Life went on in its often absurd way. The headlines were black with Marilyn’s death, but the gossip sections lagged while the columnists assembled their tributes. And on August 6, oddly juxtaposed with the obligatory front-page story about the weekend’s tragic events (CORONER AND POLICE PROBE MARILYN MONROE’S DEATH), many papers ran an assessment of the Kennedy presidency at midterm by the Associated Press’s Relman Morin. Under the headline JFK SHOWS NO CRACKS IN HIS CALM, the piece began,
President John F. Kennedy appears to be the best air-conditioned man in Washington these days.
While the political sirocco blows hot from Capitol Hill, Kennedy looks cool.
He sits in his rocking chair, crunching the ice from a soft drink, slowly smoking a thin cigar, examining the record as he approaches mid-passage in his first term in the White House. There are no visible cracks in his marble calm.

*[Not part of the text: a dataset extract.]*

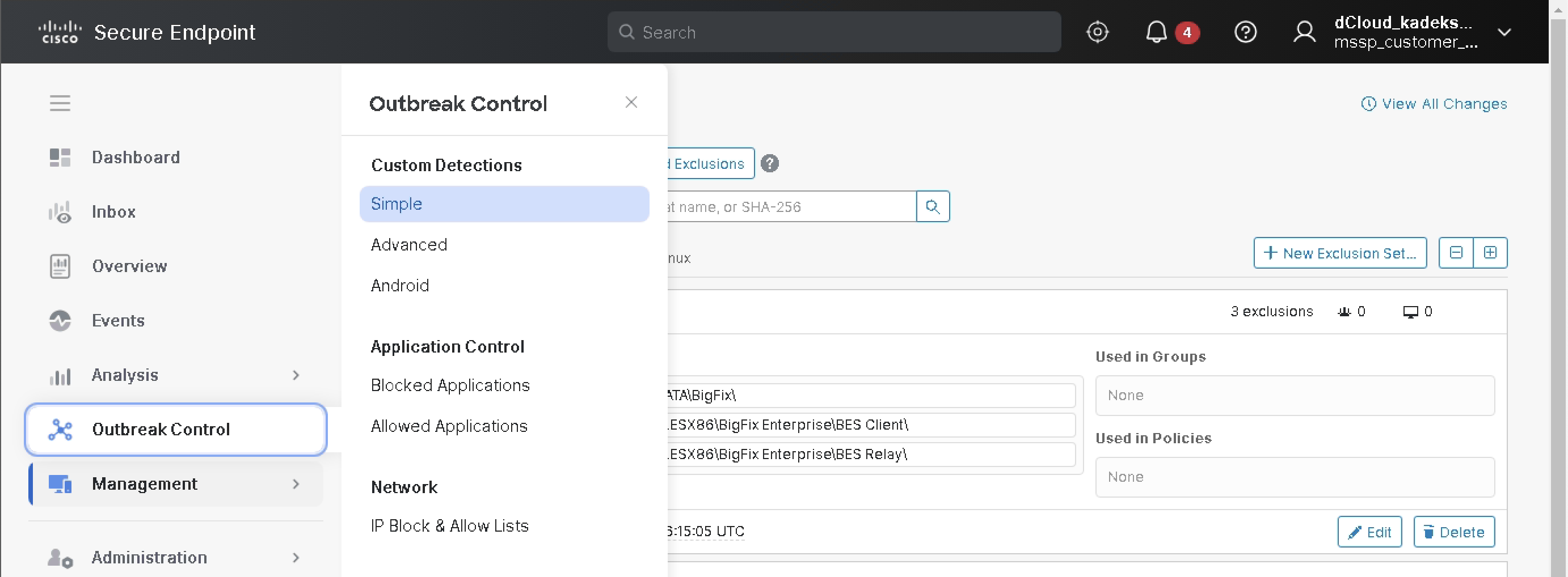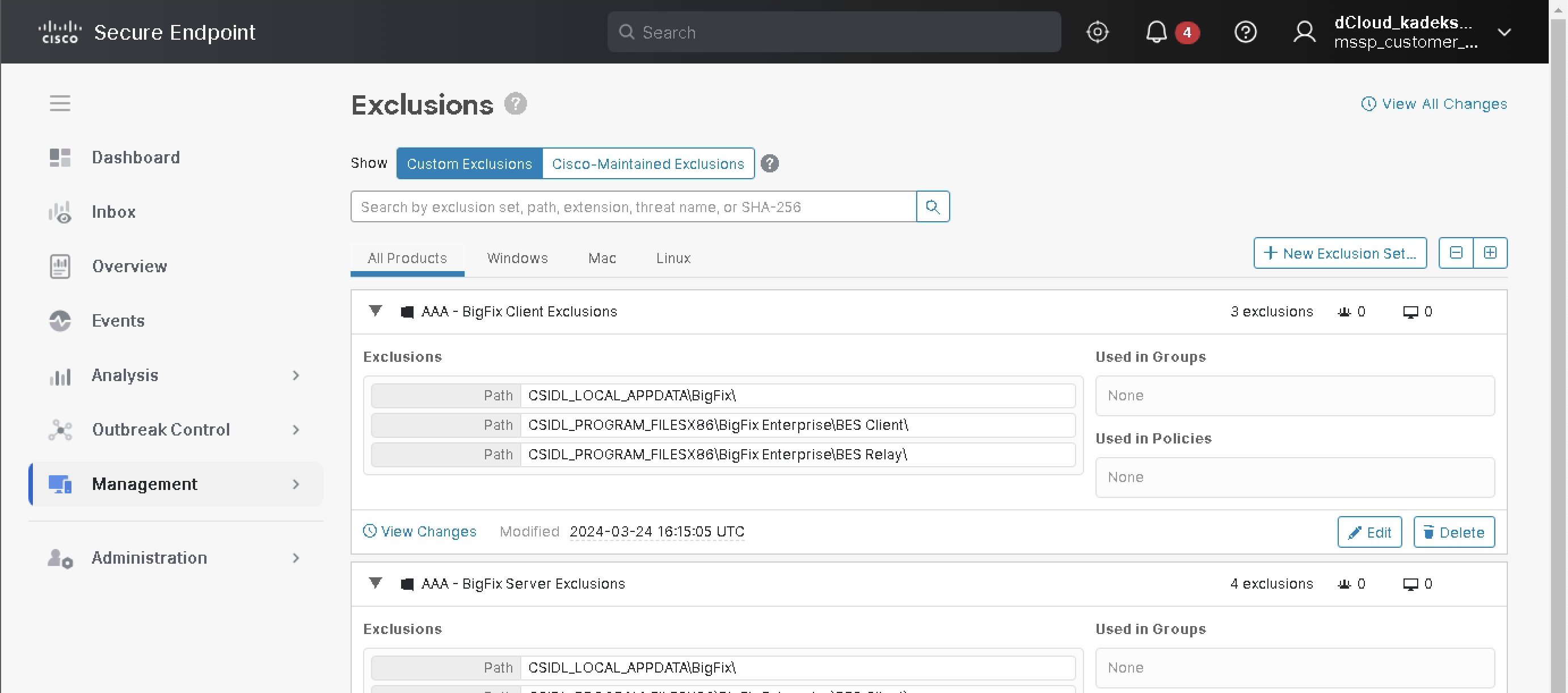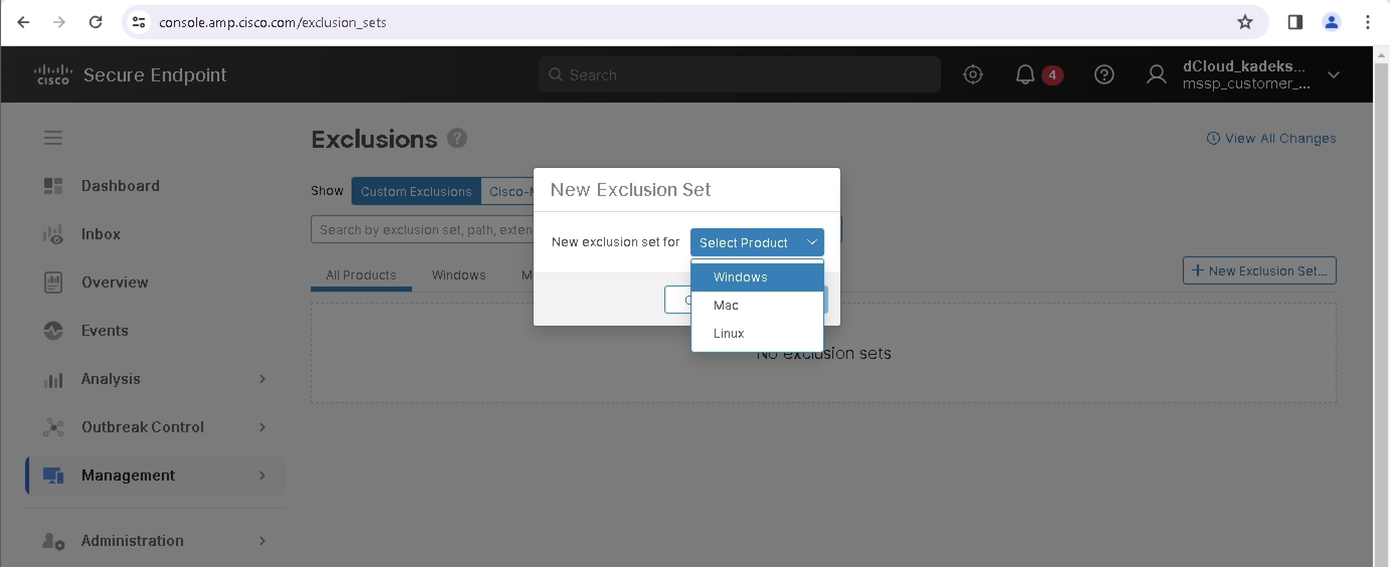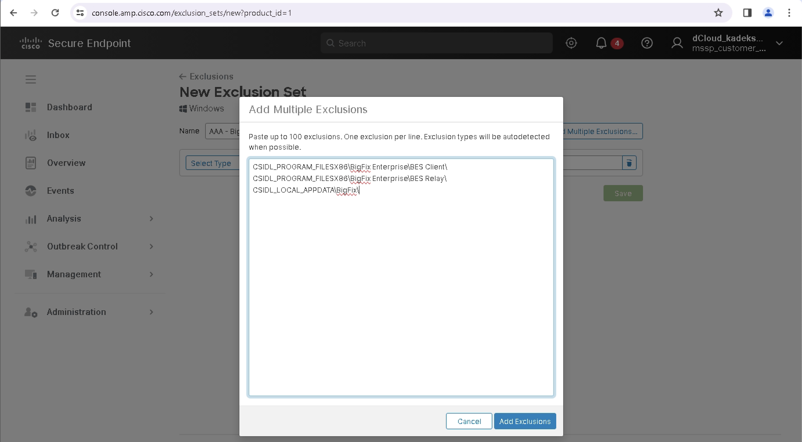 On here Select the Cisco-maintained exclusions as needed and on Custom Exclusions user the one created earlier

A year before, Morin wrote, America had been embroiled in foreign-policy problems, chiefly the Berlin crisis; now the president was plagued by relatively minor domestic matters: the Senate’s killing of the Medicare bill; the shelving of the farm and school aid bills; the economy’s slow rally after the previous year’s recession. Yet though businessmen considered JFK antibusiness and conservatives called him “socialistic,” the president’s popularity, which had recently stood at an astounding 79 percent (and had slipped slightly), was still high.
Few outside Kennedy’s inner circle knew of the turmoil behind the facade. Marilyn’s death might have solved one potentially devastating problem for the president, but another was still boiling. “His liaison with Judith Campbell Exner was still a secret from the public,” Seymour Hersh writes, “although J. Edgar Hoover and dozens of FBI agents now knew of Kennedy’s involvement with her and that she met regularly with Sam Giancana and Johnny Rosselli. Hoover also knew that a senior employee of General Dynamics, one of two bidders for the $6.5 billion TFX [F-111 fighter] aircraft contract, had been part of a team that in August broke into Exner’s apartment in Los Angeles.” The burglars, Hersh contends, were seeking evidence with which to blackmail the president into giving General Dynamics the contract.